- _Exercise data_:
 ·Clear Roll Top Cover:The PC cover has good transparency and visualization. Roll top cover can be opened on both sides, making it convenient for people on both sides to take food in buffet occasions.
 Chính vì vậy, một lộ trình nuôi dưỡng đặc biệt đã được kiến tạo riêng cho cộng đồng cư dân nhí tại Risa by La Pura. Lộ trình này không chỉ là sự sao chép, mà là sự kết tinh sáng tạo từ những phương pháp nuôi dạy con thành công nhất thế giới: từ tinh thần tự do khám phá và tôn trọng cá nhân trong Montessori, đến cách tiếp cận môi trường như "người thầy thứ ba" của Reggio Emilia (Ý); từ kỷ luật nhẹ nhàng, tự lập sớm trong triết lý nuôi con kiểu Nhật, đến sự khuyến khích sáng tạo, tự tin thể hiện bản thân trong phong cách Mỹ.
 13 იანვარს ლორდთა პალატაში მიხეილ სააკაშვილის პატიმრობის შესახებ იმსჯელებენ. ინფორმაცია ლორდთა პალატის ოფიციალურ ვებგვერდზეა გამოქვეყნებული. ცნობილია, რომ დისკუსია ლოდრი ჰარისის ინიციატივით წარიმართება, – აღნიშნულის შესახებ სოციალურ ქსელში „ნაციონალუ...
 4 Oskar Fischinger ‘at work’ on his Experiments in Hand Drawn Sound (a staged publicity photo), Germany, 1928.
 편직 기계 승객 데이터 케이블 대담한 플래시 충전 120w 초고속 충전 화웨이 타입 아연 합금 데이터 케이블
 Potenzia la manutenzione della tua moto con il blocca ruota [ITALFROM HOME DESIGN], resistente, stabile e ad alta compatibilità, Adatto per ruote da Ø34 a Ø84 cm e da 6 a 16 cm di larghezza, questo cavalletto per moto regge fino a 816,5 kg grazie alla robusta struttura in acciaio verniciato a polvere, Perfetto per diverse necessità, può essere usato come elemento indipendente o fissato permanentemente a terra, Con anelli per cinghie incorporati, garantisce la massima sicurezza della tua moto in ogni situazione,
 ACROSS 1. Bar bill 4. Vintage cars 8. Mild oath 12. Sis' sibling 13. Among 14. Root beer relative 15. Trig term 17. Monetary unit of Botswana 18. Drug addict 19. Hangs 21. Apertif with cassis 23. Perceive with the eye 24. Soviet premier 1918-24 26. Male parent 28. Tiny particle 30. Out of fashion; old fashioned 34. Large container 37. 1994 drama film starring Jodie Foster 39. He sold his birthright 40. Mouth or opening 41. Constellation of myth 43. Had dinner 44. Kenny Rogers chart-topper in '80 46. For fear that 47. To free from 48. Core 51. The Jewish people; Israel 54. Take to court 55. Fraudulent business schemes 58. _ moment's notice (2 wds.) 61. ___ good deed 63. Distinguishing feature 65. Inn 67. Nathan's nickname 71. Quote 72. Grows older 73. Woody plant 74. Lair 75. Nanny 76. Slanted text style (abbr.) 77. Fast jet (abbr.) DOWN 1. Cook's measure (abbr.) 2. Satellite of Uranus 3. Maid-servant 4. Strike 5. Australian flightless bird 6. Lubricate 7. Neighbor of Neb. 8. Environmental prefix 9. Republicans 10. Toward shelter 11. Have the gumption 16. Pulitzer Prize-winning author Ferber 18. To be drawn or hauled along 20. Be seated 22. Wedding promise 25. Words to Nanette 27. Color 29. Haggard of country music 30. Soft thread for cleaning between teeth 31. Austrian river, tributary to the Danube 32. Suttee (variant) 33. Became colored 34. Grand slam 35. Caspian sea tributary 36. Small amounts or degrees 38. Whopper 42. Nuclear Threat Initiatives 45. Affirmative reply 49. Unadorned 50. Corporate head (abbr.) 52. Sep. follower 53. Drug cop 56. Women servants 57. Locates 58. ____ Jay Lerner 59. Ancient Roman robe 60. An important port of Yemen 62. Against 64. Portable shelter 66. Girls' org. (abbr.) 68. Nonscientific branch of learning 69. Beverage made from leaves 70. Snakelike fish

- _Required action_: Copying word for word, give each line of the data above from the first one through the line containing "편직 기계 승객 데이터", and nothing else.

- _Solution_:
 ·Clear Roll Top Cover:The PC cover has good transparency and visualization. Roll top cover can be opened on both sides, making it convenient for people on both sides to take food in buffet occasions.
 Chính vì vậy, một lộ trình nuôi dưỡng đặc biệt đã được kiến tạo riêng cho cộng đồng cư dân nhí tại Risa by La Pura. Lộ trình này không chỉ là sự sao chép, mà là sự kết tinh sáng tạo từ những phương pháp nuôi dạy con thành công nhất thế giới: từ tinh thần tự do khám phá và tôn trọng cá nhân trong Montessori, đến cách tiếp cận môi trường như "người thầy thứ ba" của Reggio Emilia (Ý); từ kỷ luật nhẹ nhàng, tự lập sớm trong triết lý nuôi con kiểu Nhật, đến sự khuyến khích sáng tạo, tự tin thể hiện bản thân trong phong cách Mỹ.
 13 იანვარს ლორდთა პალატაში მიხეილ სააკაშვილის პატიმრობის შესახებ იმსჯელებენ. ინფორმაცია ლორდთა პალატის ოფიციალურ ვებგვერდზეა გამოქვეყნებული. ცნობილია, რომ დისკუსია ლოდრი ჰარისის ინიციატივით წარიმართება, – აღნიშნულის შესახებ სოციალურ ქსელში „ნაციონალუ...
 4 Oskar Fischinger ‘at work’ on his Experiments in Hand Drawn Sound (a staged publicity photo), Germany, 1928.
 편직 기계 승객 데이터 케이블 대담한 플래시 충전 120w 초고속 충전 화웨이 타입 아연 합금 데이터 케이블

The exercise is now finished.